Joseph L. Bast | |
Office: | President of The Heartland Institute |
Term Start: | 1984 |
Term End: | 2017 |
Successor: | Tim Huelskamp |
Birth Name: | Joseph Lee Bast |
Birth Place: | Kimberly, Wisconsin, U.S. |
Joseph Lee Bast is an American right-wing political activist. He is the former president and CEO of The Heartland Institute, an American nonprofit conservative and libertarian public policy think tank based in Arlington Heights, Illinois. He retired as president and CEO in July 2017 when former Congressman Tim Huelskamp took over those roles in the organization.[1] Huelskamp was followed as president at Heartland by Frank Lasee in 2019, and then James Taylor in 2020.
Bast was born on January 22, 1958, in Kimberly, Wisconsin, where he attended a Catholic elementary school.[2] He studied economics at the University of Chicago but dropped out of school in order to devote more time to the Heartland Institute.[2] Bast married Diane Bast, who grew up with him in Kimberly.[3]
In 1984, David Padden founded the Heartland Institute — an American conservative and libertarian public policy think tank — and put Bast in charge of the nascent organization. Bast has been president and CEO ever since. "Personally, I'm a fallen-away libertarian. I place a high value on individual freedom and I tend to look at most issues from that perspective. But I'm not sure it is the only way anymore," Bast told the Chicago Tribune in 1995.[4]
Bast is one of the editors of the Climate Change Reconsidered series by the Nongovernmental International Panel on Climate Change (NIPCC). He was also involved in the creation of the State Policy Network, and has written several books, some of which challenge mainstream claims about cigarette smoking.[5] In 2014, he co-authored an article entitled "The Myth of the Climate Change '97%'" in the Wall Street Journal along with Roy Spencer which argued that the oft-cited claim that "97% of the world's scientists believe climate change is an urgent problem" is misleading because the figure is derived from surveys with small sample sizes, and the questionnaire conflates belief in negligible global warming with belief in dangerous global warming.[6] A 2011 article in Nature criticized his position on global warming and second-hand smoke.[7]
See main article: The Heartland Institute. As president of the Heartland Institute, Bast managed the institute's finances, helped organize and introduce its annual conference on climate change, and set its research and communications agenda.[8] Bast was a regular speaker at the Heartland Institute's annual conference on climate change.[9]

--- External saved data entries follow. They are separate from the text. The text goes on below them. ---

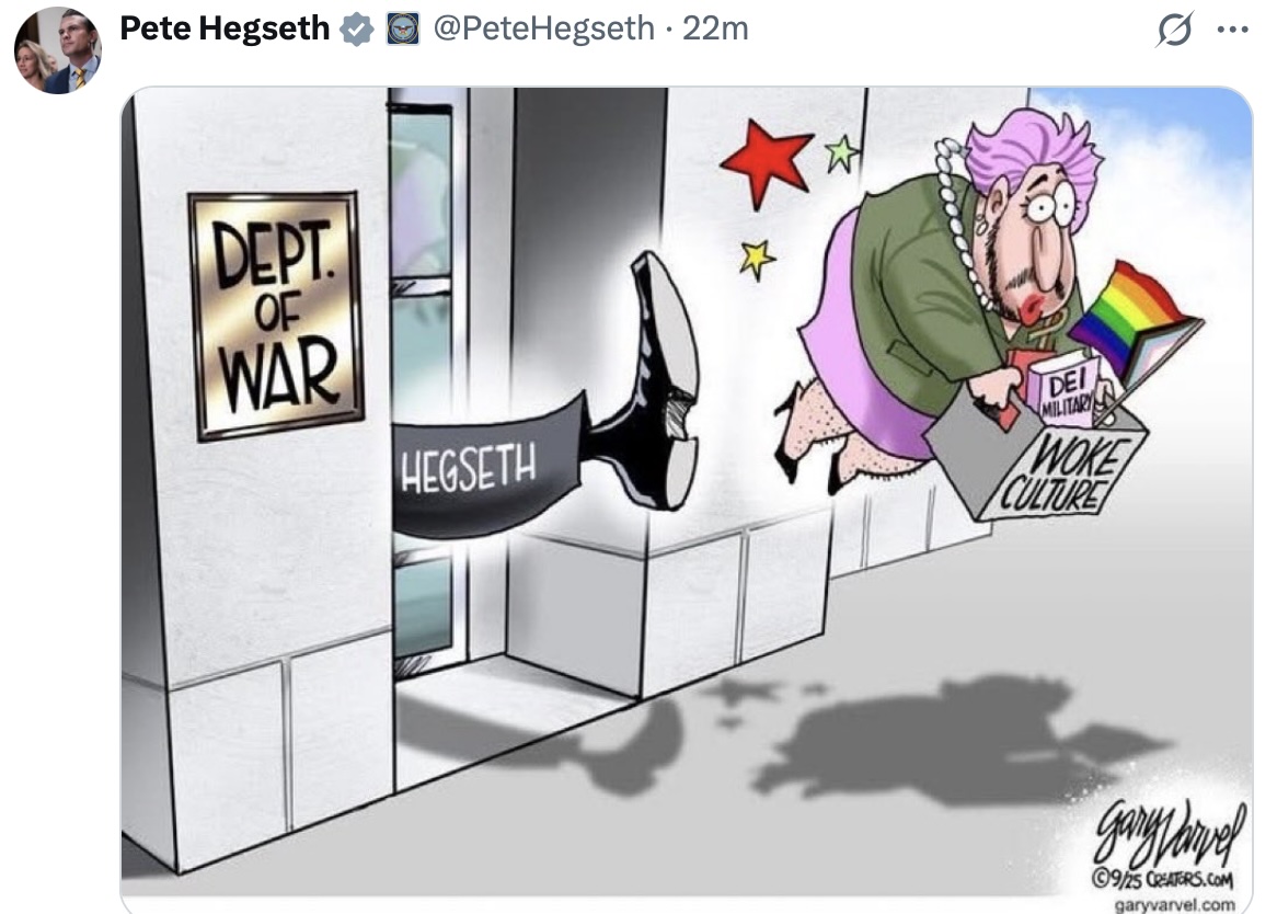 Almost immediately, Sec. Hegseth took to social media and posted a cartoon about it, shown above.
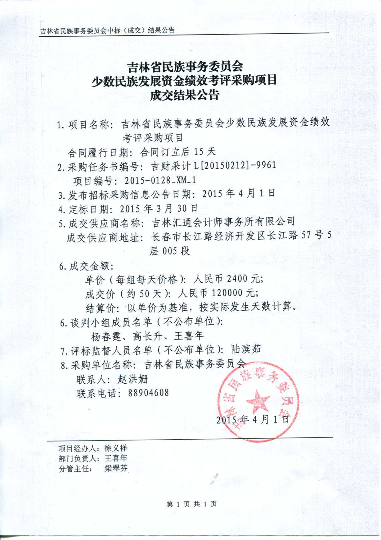 少数民族发展资金绩效考评采购项目成交结果公告
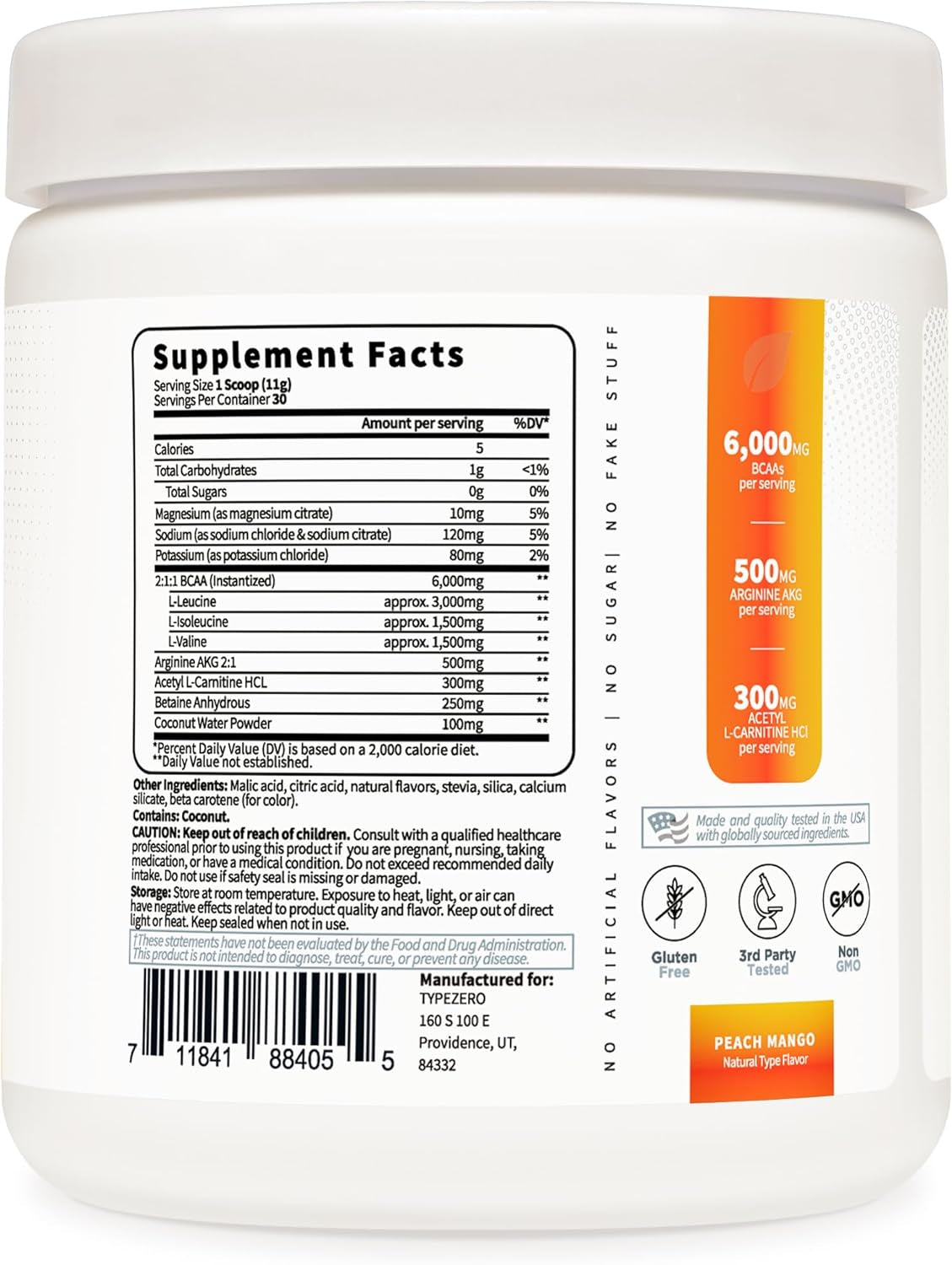 Ultra Clean Vegan BCAA Powder + Electrolytes (Peach Mango | 6G) 2:1:1 Sugar-Free/No Sucralose Bcaas Amino Acids Supplement for Women/Men - Best BCAA Vegan Amino Acids after Post Workout Recovery Drink - 1 is backordered and will ship as soon as it is back in stock.

Bast and his wife, executive editor Diane Bast, published four monthly public policy newspapers distributed to elected officials: School Reform News, Health Care News, Budget & Tax News, and Environment & Climate News.[10]
Bast told Bloomberg News that the Heartland Institute does not deny climate change, but they are skeptical of the scientific consensus that man-made global warming is a significant danger to the planet. The Heartland Institute also believes that many of the policies to fight global warming would be damaging to the economy.[11] According to Nature, Bast does not necessarily deny that humans are having an influence on the climate, but he does question the forecasts of catastrophic impacts and the rationale for curbing carbon emissions. Bast argues that the costs of trying to prevent global warming exceed the benefits.[12]
In a Wall Street Journal interview, Bast said that he believes the climate has warmed in the second half of the 20th century and there is likely a measurable human impact on climate. He believes the human impact on global warming is likely very small and that minimal warming is not a crisis.[13]
According to Bloomberg News, Bast's skepticism of the dangers posed by global warming have made him "a favorite bogeyman of environmentalists."[11] In 2012, Bast signed off on a widely criticized ad campaign that compared global warming believers to the Unabomber.[14]